What is going on below? (Ignoring ## stats code and text printouts)

1. The number of interations to simulate, n, is defined

2. The amount of time a trade is kept open, k, is defined

3. `sample_dataframe()` is used to grab a new random race
    
    Within this function, the lay prices, back prices, mid point prices and log prices (used in the Dickey Fuller [DF] tests) are defined
    This would be the place to alter for manipulations made in the price data. For example, changing which log prices are used in the DF test.
    
4. `dickey_fuller_test()` is used to perform a DF test and create a dataframe with pair_identifers and test results.

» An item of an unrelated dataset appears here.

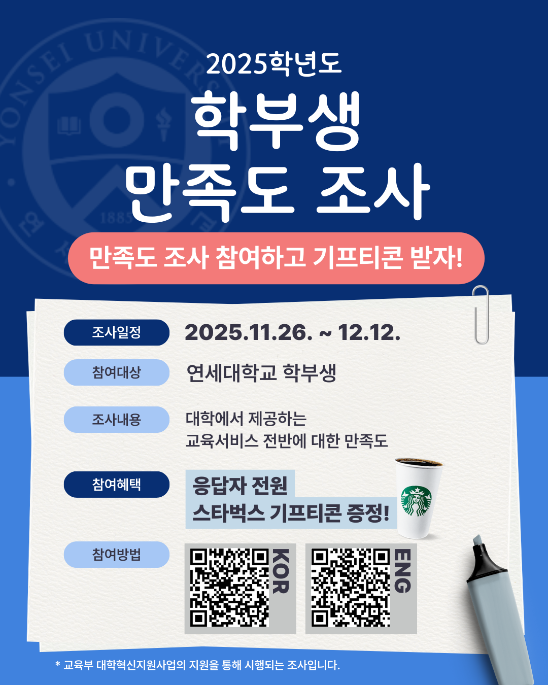 1. Undergraduate students currently registered in Yonsei University can participate in the survey.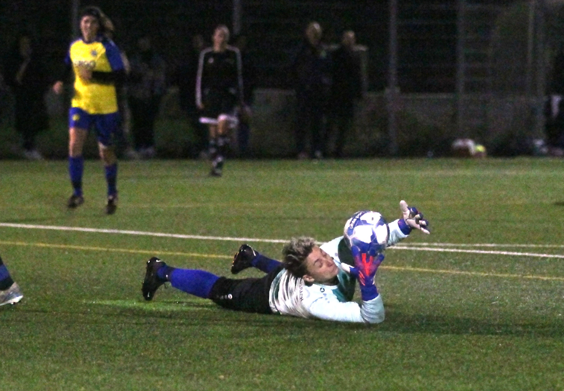 Nach dem Seitenwechsel dominierte Wacker meist das Geschehen. In der 57. Minute erzielte Luca Gebert nach Vorarbeit von Melissa Demir das 3:2. Trotz einiger gefährlicher Standards und Angriffe des SV Burgrieden brachte Wacker (im Bild mit Torhüterin Natascha Schmid) den Vorsprung mit Einsatz und Kampfgeist über die Zeit.

It would probably make sense to move the pair identifiers code from this function

5. `race_pairs()` is used to filter the DF tests for only those where there looks to be cointegration at the 1% or 5% significance level

6. Before the trading strategy code, the iteration is aborted if the race pairs dataframe is empty (no pairs in that race)

The trading strategy code

7. Firstly, races where more than 5 pairs are found are rejected. This is an abitrary rule based on the suspicion that some races erroneously look like far too many horses are pairs.  ** Considering changing this**

8. Then, iterating through each potential pair in the given race, a dataframe of time series of each horse's prices and the pairs spread (in actual prices) is created.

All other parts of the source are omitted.